Fr. Gawlowski's dream, Dotterer said, is for the food pantry to be open more days and more hours, with more volunteers to help, with the end result of feeding more needy. "Everything we have here, he wants to see get bigger," Dotterer said.

St. Teresa Seniors
Kristen Lukowski | The Michigan Catholic
Richard Stopczynski, Fred Giertz and Stony Mays, long-time St. Leonard parishioners, are regulars at the senior lunch program.
St. Teresa already partners with St. Martin de Porres Parish, also in Warren, for food collection, in addition to the St. Vincent de Paul efforts, Dotterer explained. One freezer keeps meats and another bread, and a printed volunteer guide shows how much each person receives based on how many people are in the family. For the homeless, volunteers try to save the easy-open cans that don't need a can opener.

The county's senior lunch program serves food at the site, and it's also a base for the Meals on Wheels program. "This is a main Christian service site," Dotterer said.

Gene Lasky, a regular at the senior lunch program, was a member of St.

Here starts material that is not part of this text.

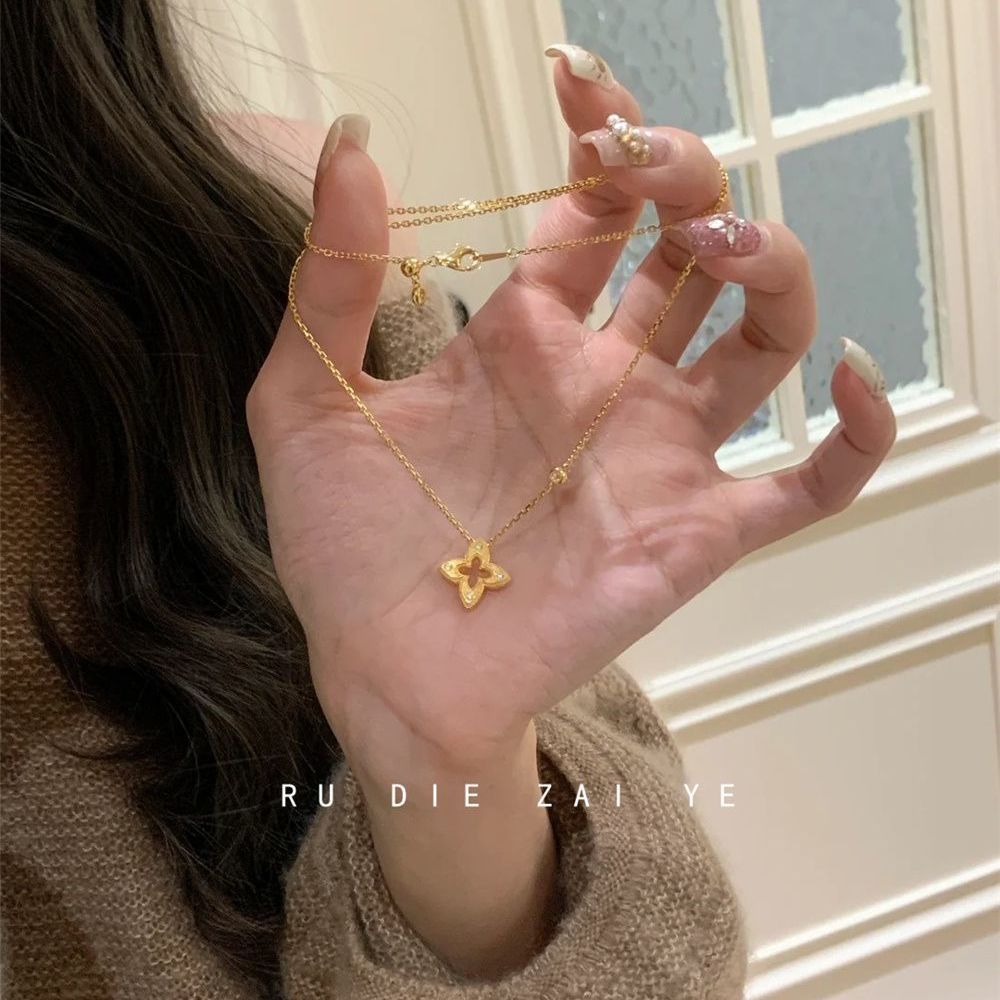 「钛钢不掉色」金色拉丝四叶草项链女轻奢小众ins高级吊坠锁骨链
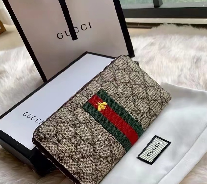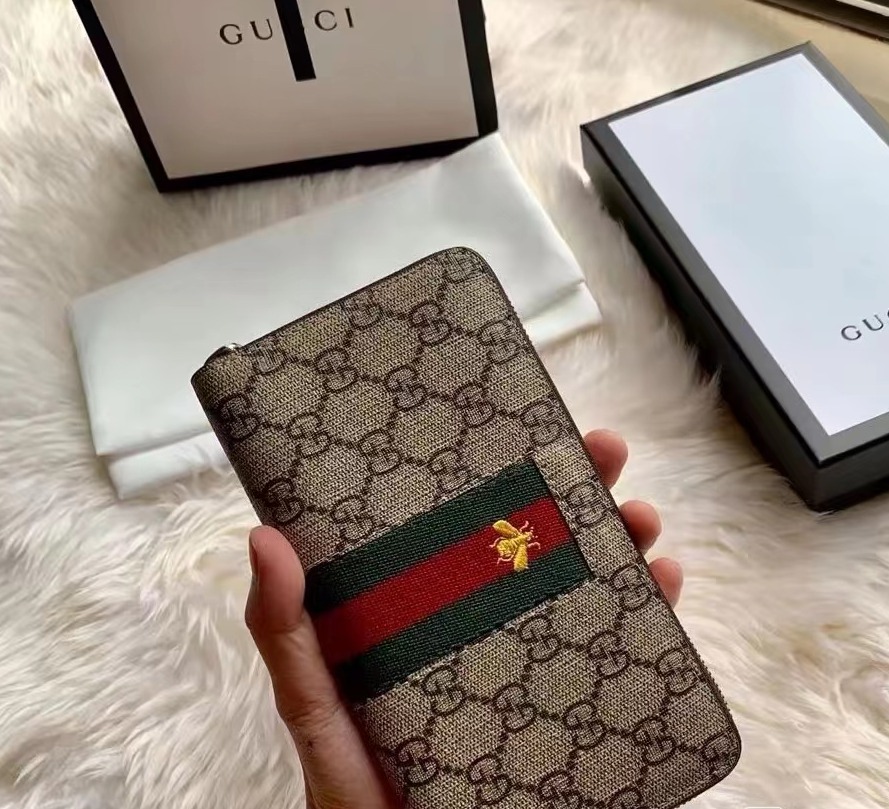 シグネチャーウェブとビー(ハチ) ディテールが印象的なGGスプリーム キャンバス製のジップアラウンドウォレット。

Dorothy Parish before it became St. Teresa of Avila. He attends because he likes the company and how it breaks up his day.

"It's a good program," he said. "You meet a lot of nice people."

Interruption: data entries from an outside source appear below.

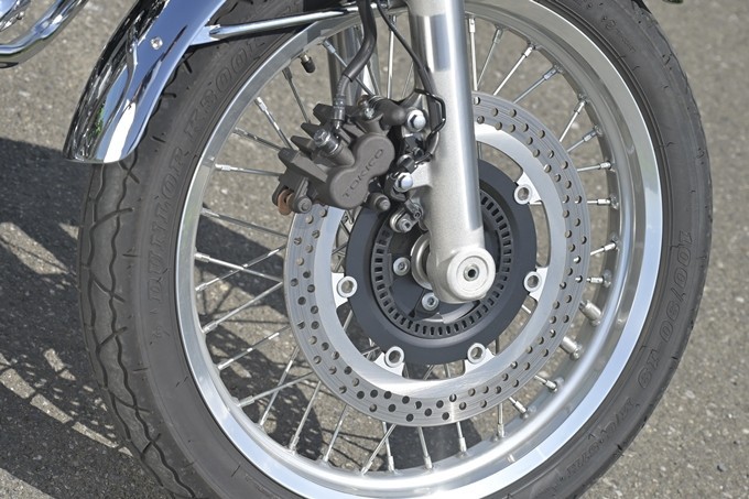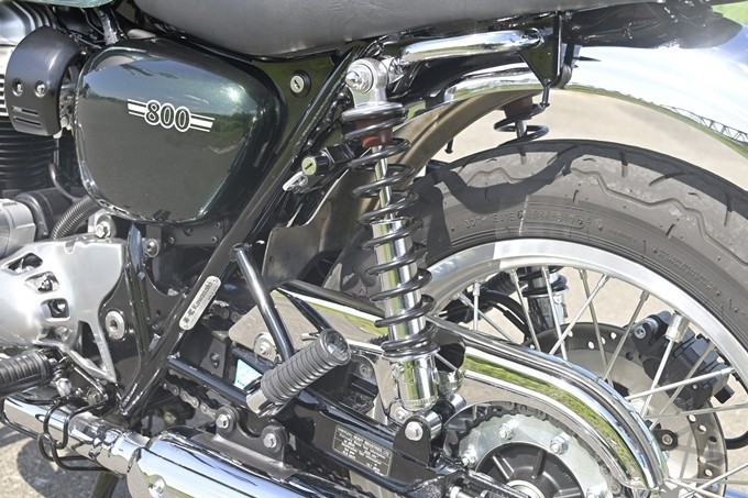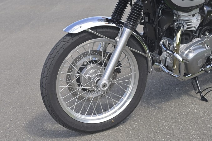 不同于相同家族的W800 Street、Cafe采用18吋前轮,W800采用的轮胎尺寸为前100/90-19、后:130/80-18,较大的轮框可以带来更经典、更壮硕的视觉感受,虽然尺寸与旧款相同,但原厂配胎已更新为Dunlop的K300GP,且前叉底部也经过重新设计,试图创造出更加经典及沉稳的车身外型。
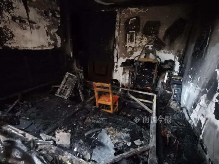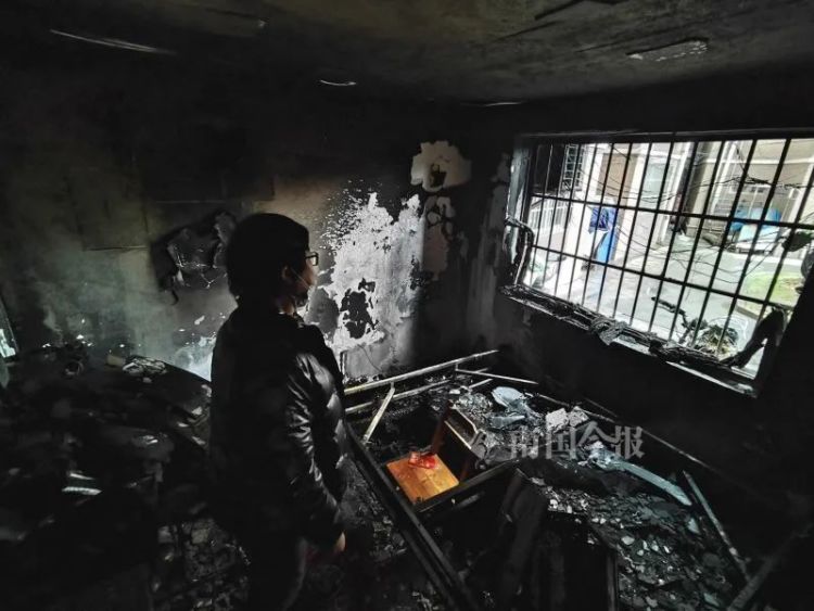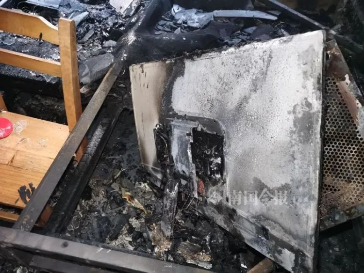 记者进入屋中看到,放在失火房间外的冰箱,因高温炙烤已有些变形,房间门外全部的天花板和大片墙面已被浓烟熏黑。张先生说,儿子的电脑配置比较高,仅主机就花了1万多元,妻子在床垫下还放的一些现金,现在都已化为灰烬,这场火造成的损失还真不小。
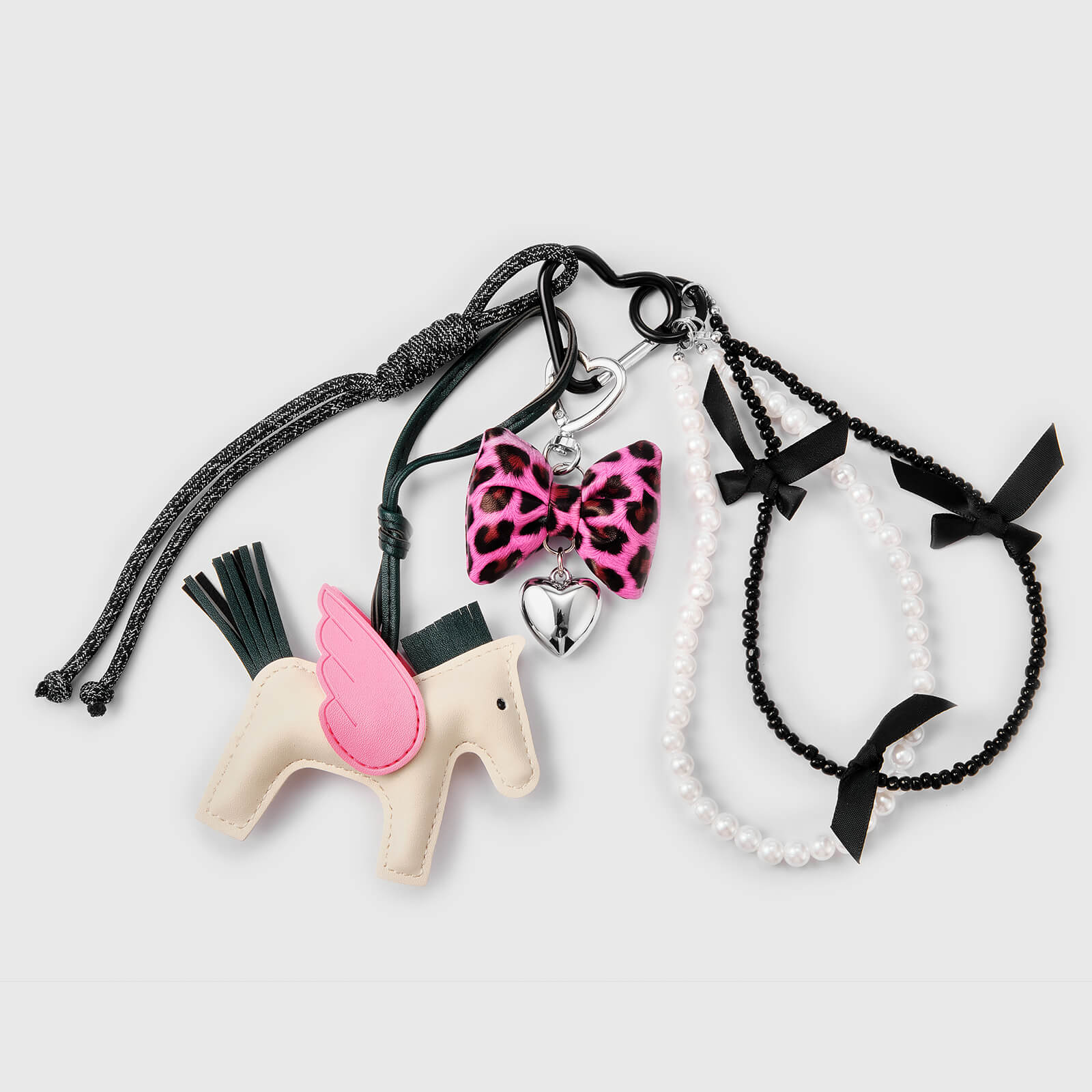 The charm combines whimsical craftsmanship with functional flair. Featuring a stitched pony centerpiece, luxe pearls, and detachable MagSafe compatibility, it adds personality to your device while securing your grip.
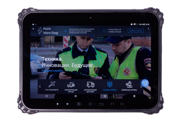 Ёмкости съёмного морозостойкого аккумулятора достаточно для 10–12 часов работы планшета без подзарядки при температуре от –20 С° до +60 С° и 4–5 часов при снижении температуры до –30 С°. Есть функция «горячей замены» АКБ, позволяющая обеспечить непрерывную работу устройства при замене батареи.
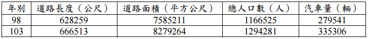 四、下表為某城市 98 年及 103 年之道路、人口及汽車資料:

He said spending time at the center has also allowed him to see some of the people who come in for help. "I never realized there were so many families in need," he said.

On a given day, people come in to the St. Leonard campus during the morning for assistance from the food pantry, or volunteer with the St. Vincent de Paul program. Also, one wing of the building, once a school, is being dedicated to the St. John Deaf Center, which was formerly associated with Ascension Parish. With the reinvolvement of the deaf center came the return of Sunday Mass to the St. Leonard campus, at noon with American Sign Language translations.

Area seniors come to the St. Leonard campus during the week to play bingo and have lunch, as well as to visit with their friends.

The communities are working together in other aspects to be a united parish community, too. For example, religious education now offers the same program in two different locations on different nights, giving parents an option if their schedule changes.

"We're working very hard to pull this thing together," Gasowski said. "We're working hard to be one family — all four of us."

Gasowski's found that in some ways, the merging of the communities has been a struggle, with people used to doing things their own way, for example. But, "I think we're beginning to do things well together," she said.

She said although working together has its ups and downs, "the good comes out in the end," she said. "God is good to all of us…. It's just been a good experience."